─── DATASET CONTENT

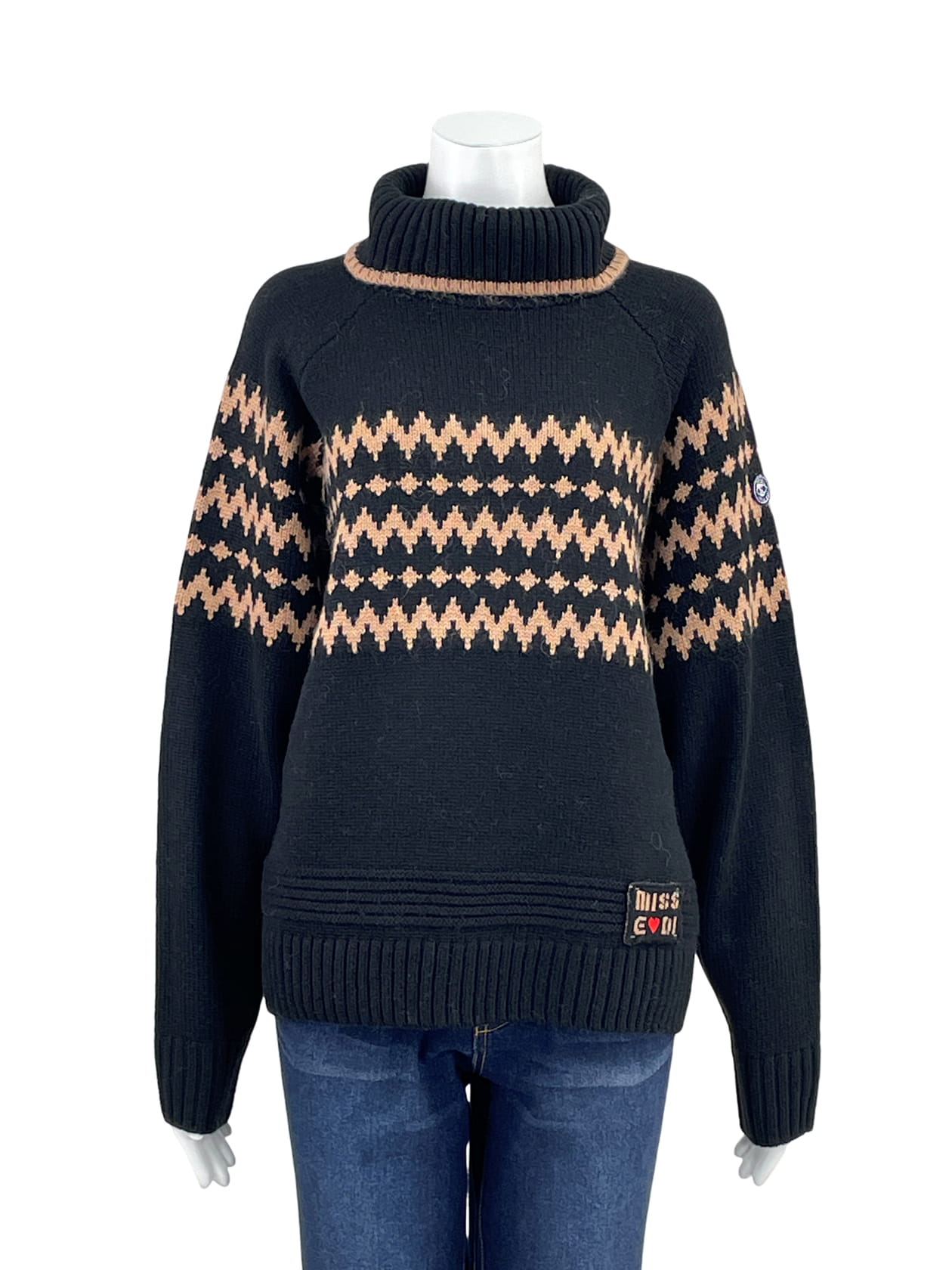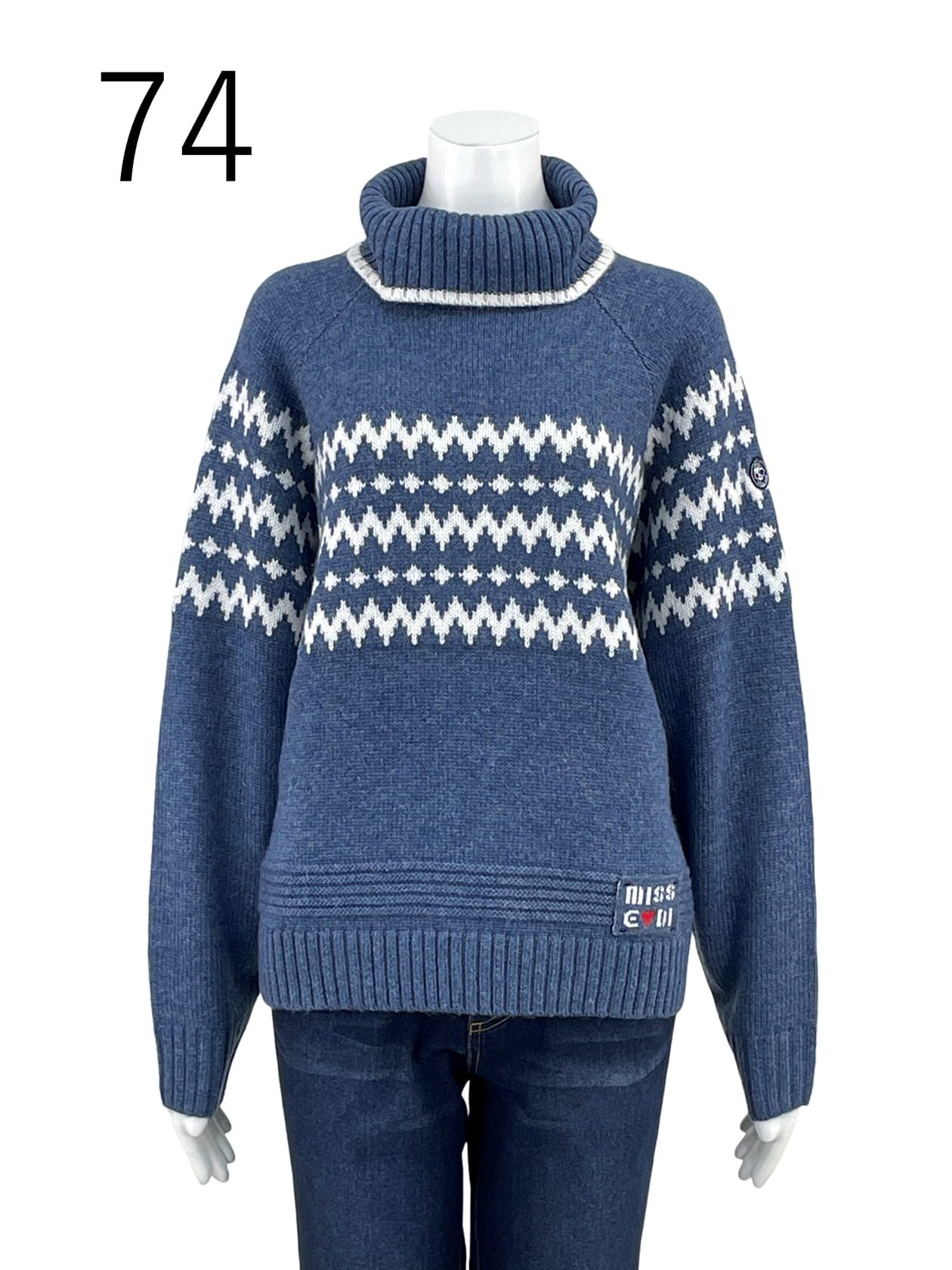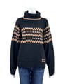 身頃からラグランスリーブにかけてバランスよく配置したジャガード柄が、1枚で表情のある着こなしを演出。
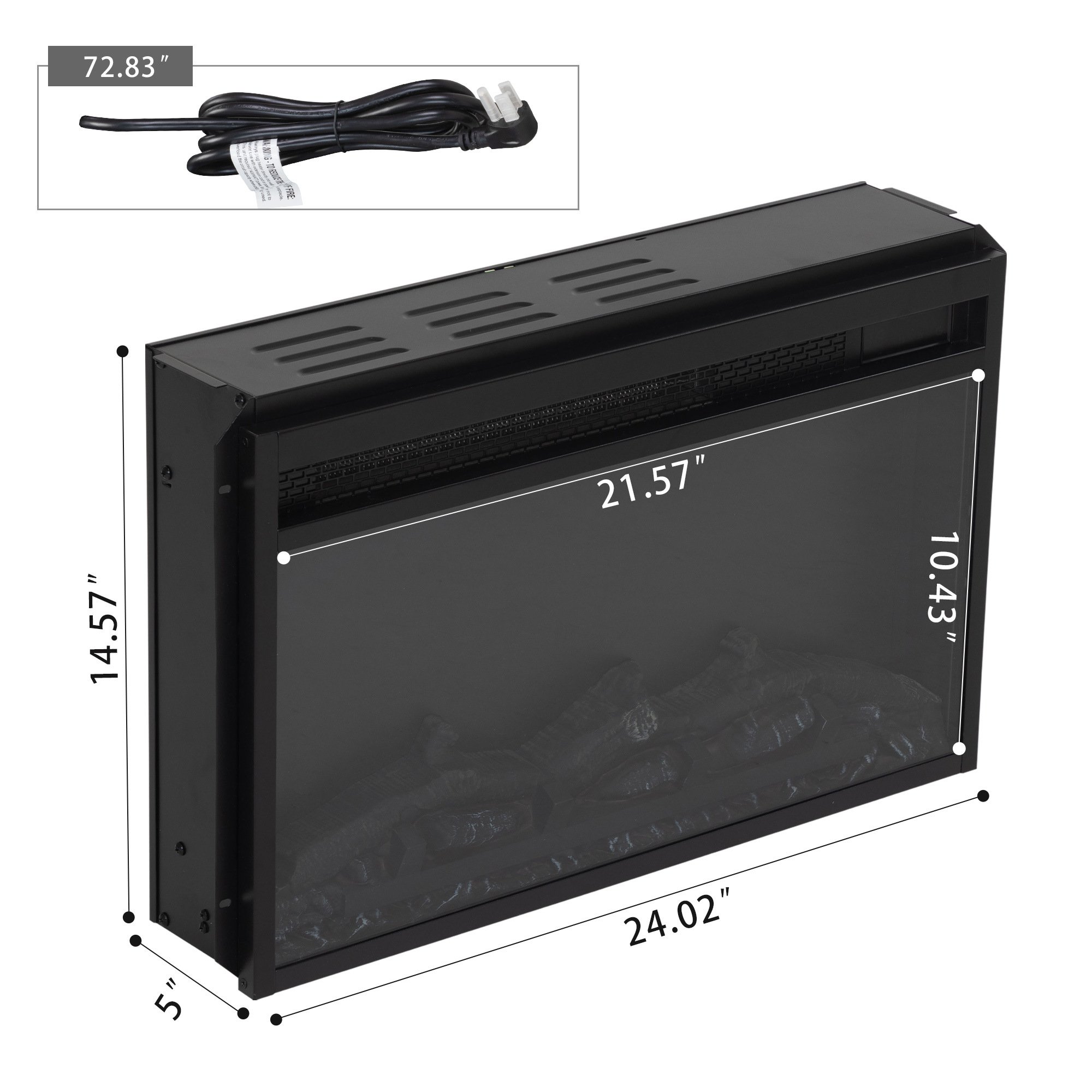 23 inch electric fireplace - black&Nbsp;Material: iron sheet+glass+resin simulated charcoalColor: black iron sheet+red yellow flameThe overall size of the product is 61 (L) * 12.7 (W) * 37 (H) cm, and the glass size is 54.8 * 26.5; With a wire plug, the total length of the wire plus plug is 185cmPower parameters: 1400W, 120V, AC 60HZ;Function: The product can be adjusted by the remote control or touch control panel, with three flame modes+separate flame shutdown, temperature adjustment setting (64 ° F to 82 ° F), timing setting, and overheating protection function. The flame effect can operate independently without heating function&Nbsp;Note: The product comes with a user manual
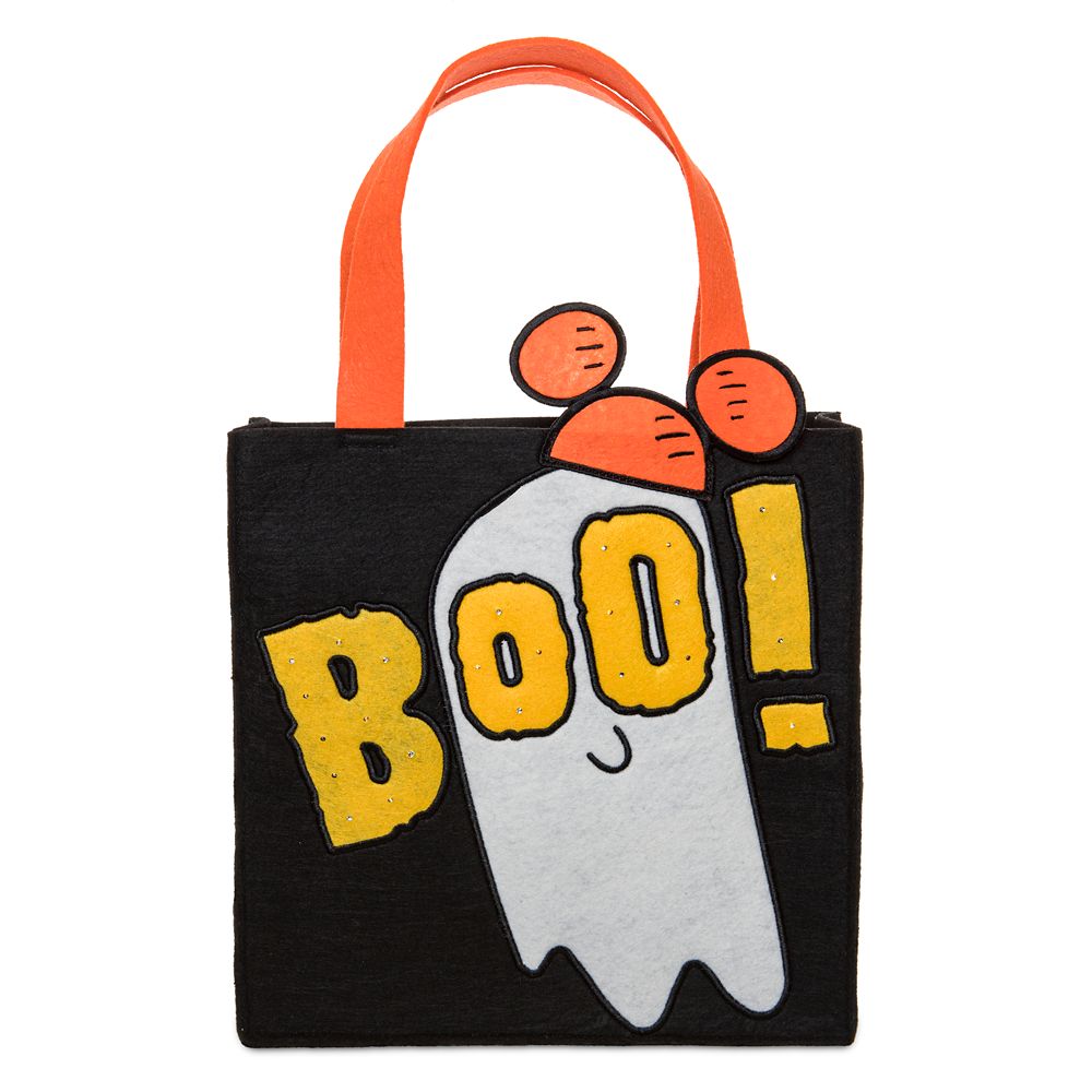 - The other side features a ghost with a 3D orange Mickey Mouse ear hat peeking over the bag and ”Boo!” text
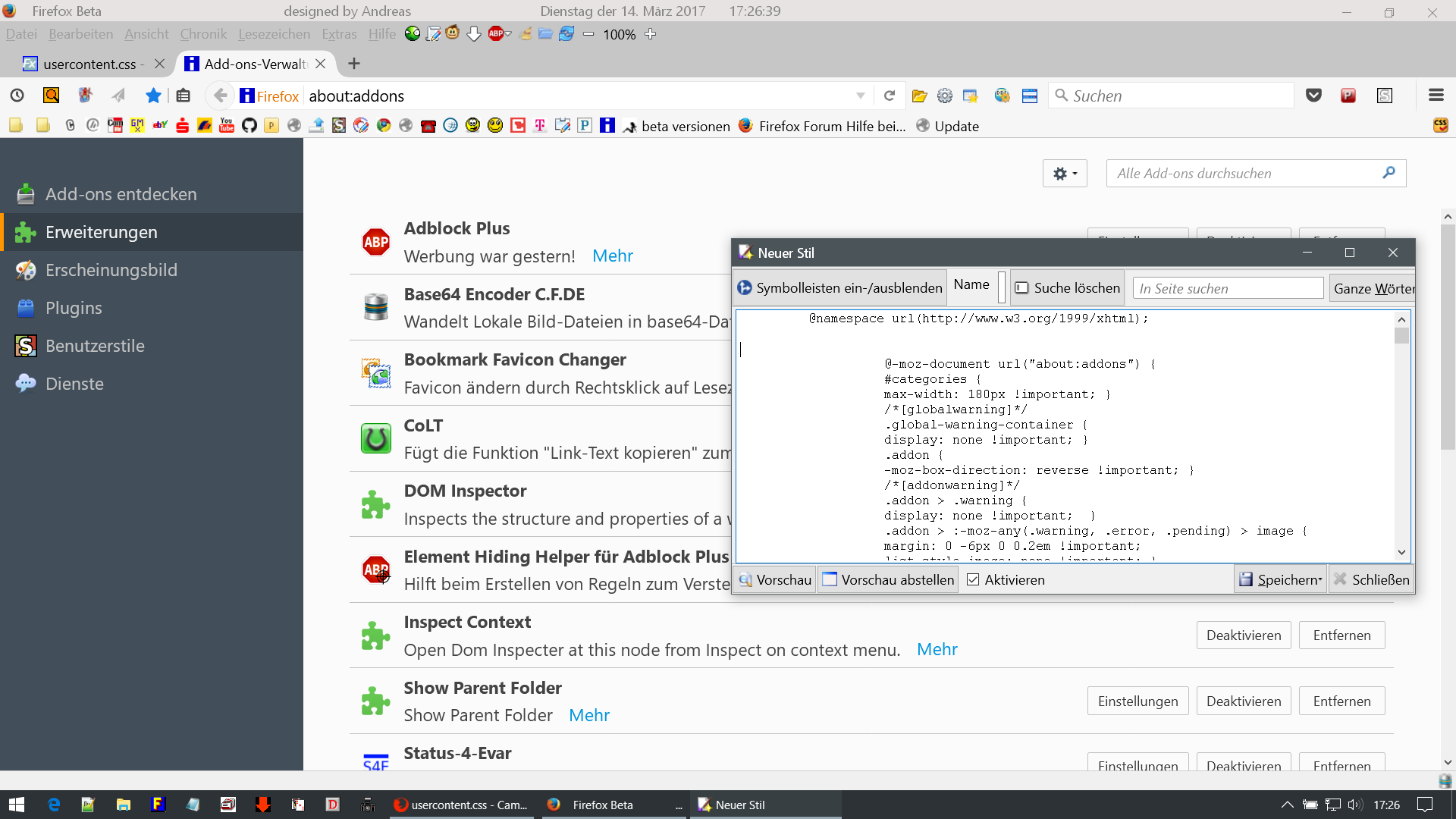 Bevor ich neue css-scripte verwende, hier der code meiner usercontent.css mit der Bitte um Prüfung:
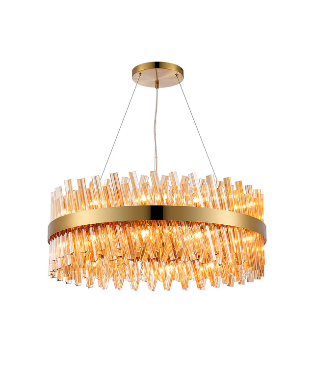 Melville 80cm 24 Light G9, Pendant Round, Brass / Amber Item Weight: 23.13kg

──────

To answer, repeat exactly the lines from the line containing "Bevor ich neue" through the last line of the data above, leaving out all pictures.

• WRITTEN SOLUTION:
 Bevor ich neue css-scripte verwende, hier der code meiner usercontent.css mit der Bitte um Prüfung:
 Melville 80cm 24 Light G9, Pendant Round, Brass / Amber Item Weight: 23.13kg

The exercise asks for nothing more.